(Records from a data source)

· · ·

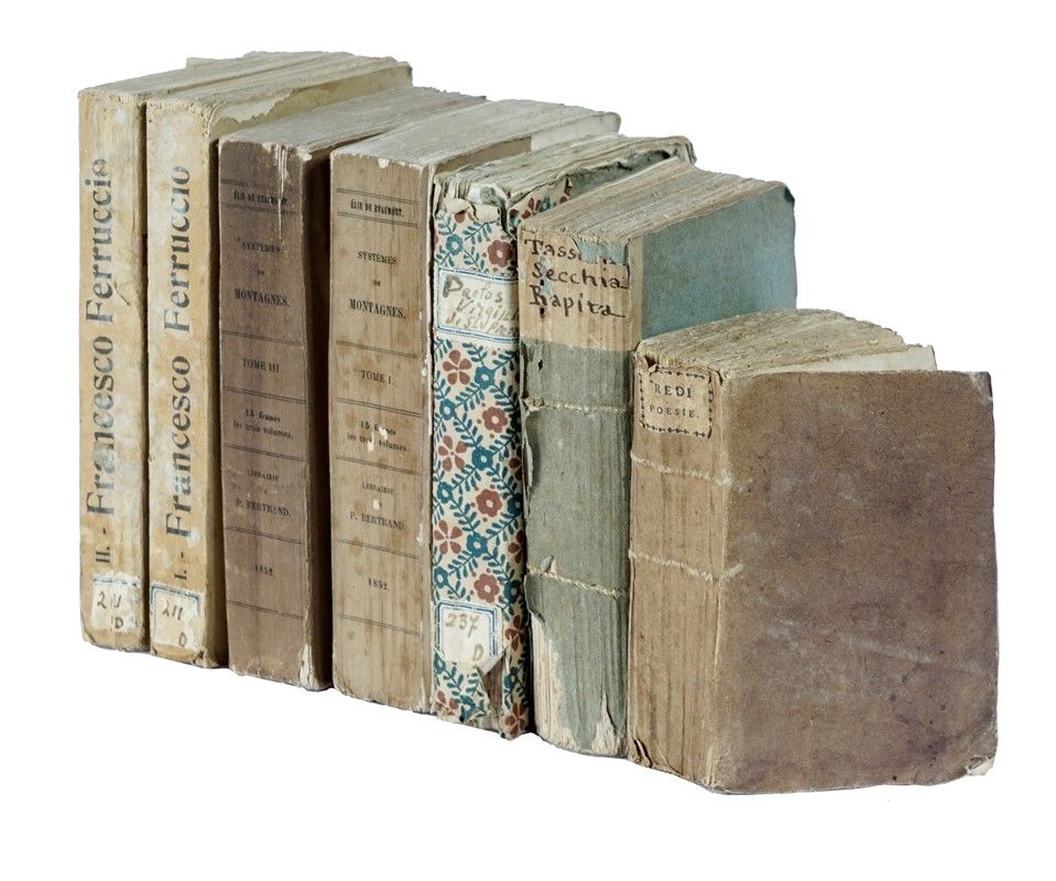 Compongono il lotto: 1) Beaumont Léonce Élie (de), Notice sur les systèmes de Montagnes [...]. Tome I (-III). Paris: Bertrand, 1852; 2) Redi Francesco, Poesie toscane. Firenze: Riccardo Tondini, 1816; 3) Tassoni Alessandro, La secchia rapita. Pisa: Sebastiano Nistri, 1814; 4) Guerrazzi Francesco Domenico, Vita di Francesco Ferrucci. Vol. I (-II). Milano: M. Guigoni, 1875.
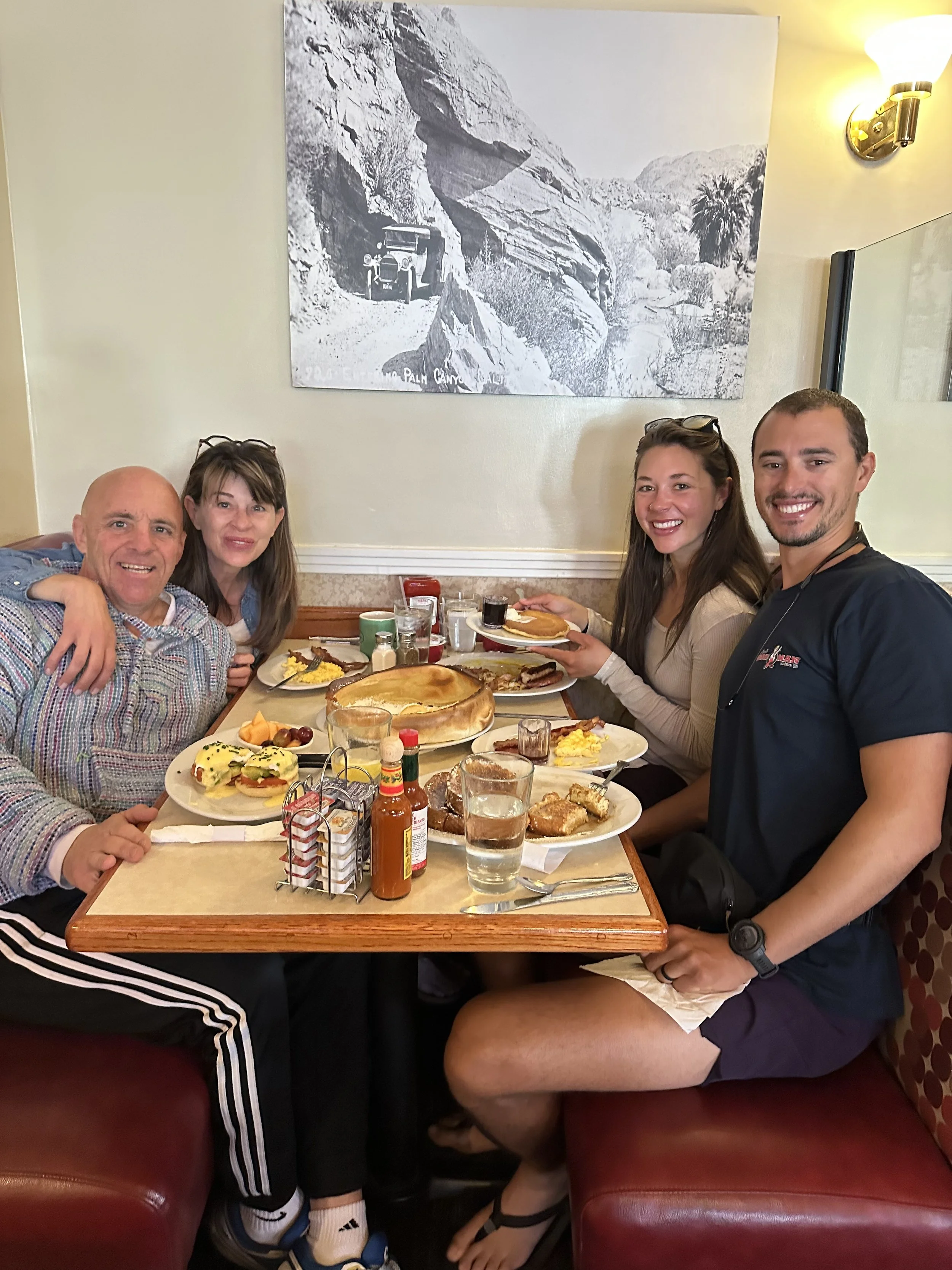 She whisked us away for a “zero” day (no miles forward) in Palm Springs, where we traded trail shoes for sandals and savored family time, good food, and deep rest. Sharing this little slice of our niche world with her was a delight—especially during our resupply. She picked up on the strategy quickly: lightweight, calorie-dense, shelf-stable. If it’s less than 100 calories per ounce, back on the shelf it goes. Trail math.
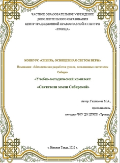 УМК содержит: 5 методических разработок уроков, содержащих: описание каждого урока, технологическую карту урока, приложения в качестве раздаточного материала для работы на уроке, демонстрационную презентацию к уроку, комплект заданий для закрепления изученного материала дома, ссылки на видео – сюжеты о святителях Сибирской земли разных периодов истории Тобольско-Тюменской епархии.
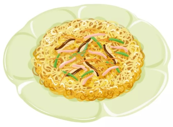 锅里加油,放入面条,在锅底摊开,中火煎炸,直到两面金黄,出锅装盘。
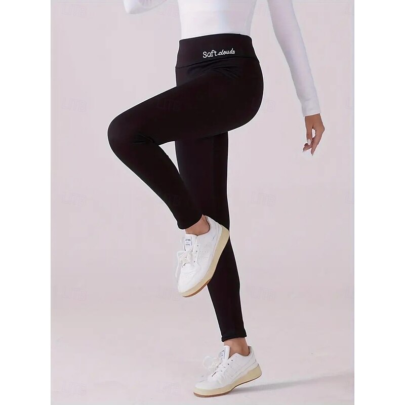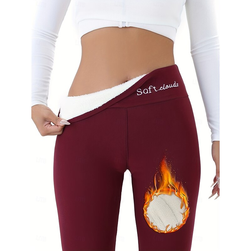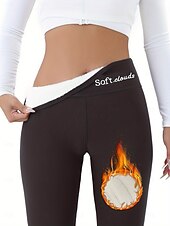 More information about Women's Fleece Pants Leggings Fashion Streetwear Basic Full Length High Waist Plain High Cut Comfy Soft Comfortable Stretchy Vacation Home Street Wine Navy Black Gray Spring Fall Winter Regular Fit
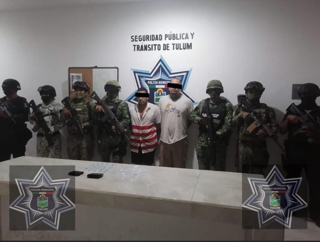 Tulum.- En distintos operativos implementados por autoridades de los tres niveles de gobierno, siendo Policía Municipal de Tulum, Guardia Nacional, SEDENA, SEMAR, Policía Quintana Roo y Fiscalía General del Estado; Continuando con las labores de inteligencia, fueron detenidos 2 presuntos narcomenudistas, en la zona costera de Tulum. Dichos masculinos, se identificaron con los nombres de Brayan Rafael “Z” de 25 años de edad y Ulises “S” de 31 años de edad, ambos originarios de la Ciudad de México.
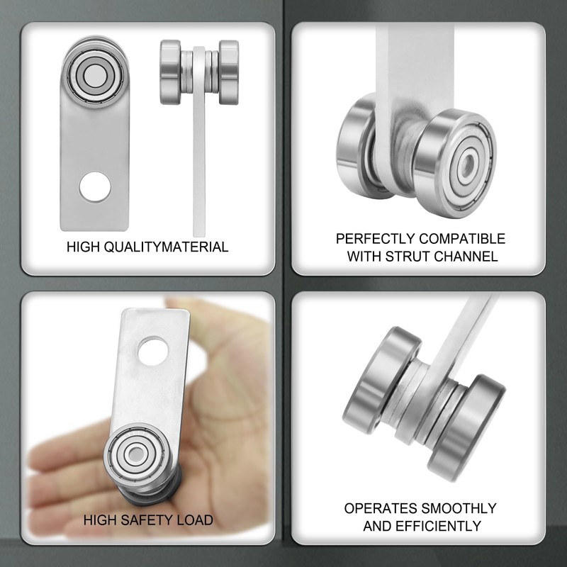 - ✔️【Trolleys Size】Steel plate hole diameter-9/16”(14mm); thickness-1/4”(6mm).For use with 1-5/8" Wide and All 1-5/8" or Taller Strut Channel.
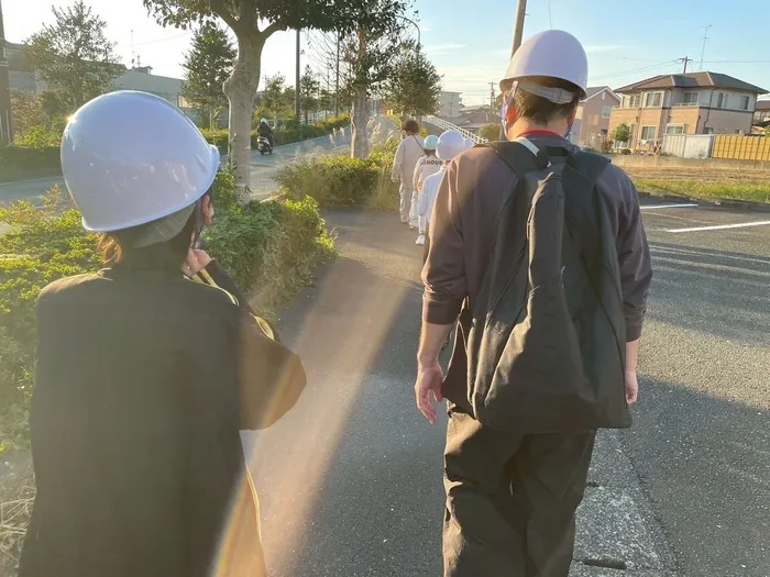 ヘルメットを被って交通ルールを守りながら子ども達なりに避難することが出来ました。「地震があると木も倒れるかもね…」「道路も崩れるかも…?」と一緒に考える時間も用いることが出来ました。
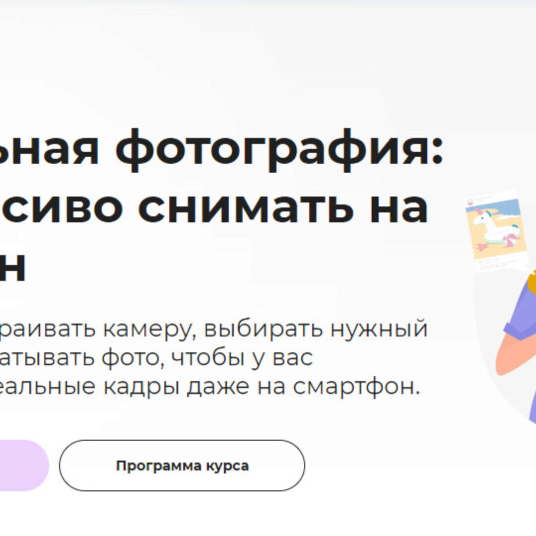 Программа курса 9 часов 5 блоков Технические особенности современного телефона Познакомитесь с лектором и научитесь настраивать камеру в смартфоне под разные задачи. Попробуете определить, когда снимок сделан на телефон, а когда — на профессиональную камеру. Введение в курс Возможности современных
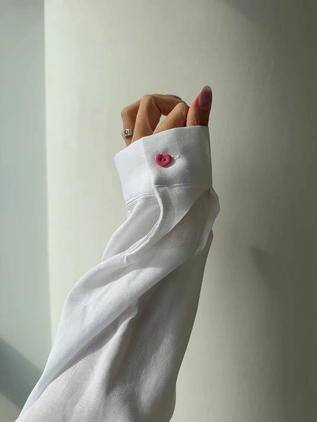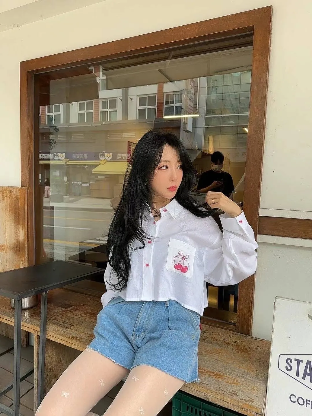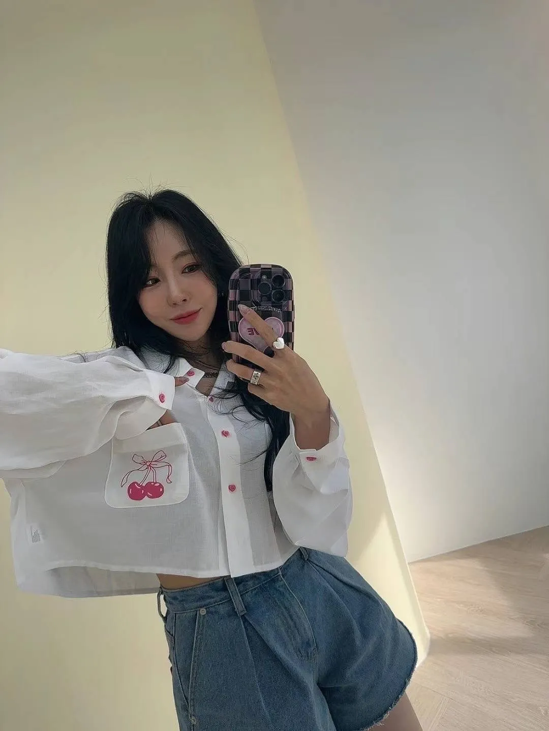 KM736粉紅愛心釦櫻桃襯衫 白 黑 官網價$970 線上價$940

· · ·

▶ [To do] Using the records above, print exactly the run of lines that starts with the line with "锅里加油,放入面条,在锅底摊开,中火煎炸,直到两面金黄,出锅装盘。" and goes on through the line with "More information about", pictures excluded.

▶ [Solution for this task]
 锅里加油,放入面条,在锅底摊开,中火煎炸,直到两面金黄,出锅装盘。
 More information about Women's Fleece Pants Leggings Fashion Streetwear Basic Full Length High Waist Plain High Cut Comfy Soft Comfortable Stretchy Vacation Home Street Wine Navy Black Gray Spring Fall Winter Regular Fit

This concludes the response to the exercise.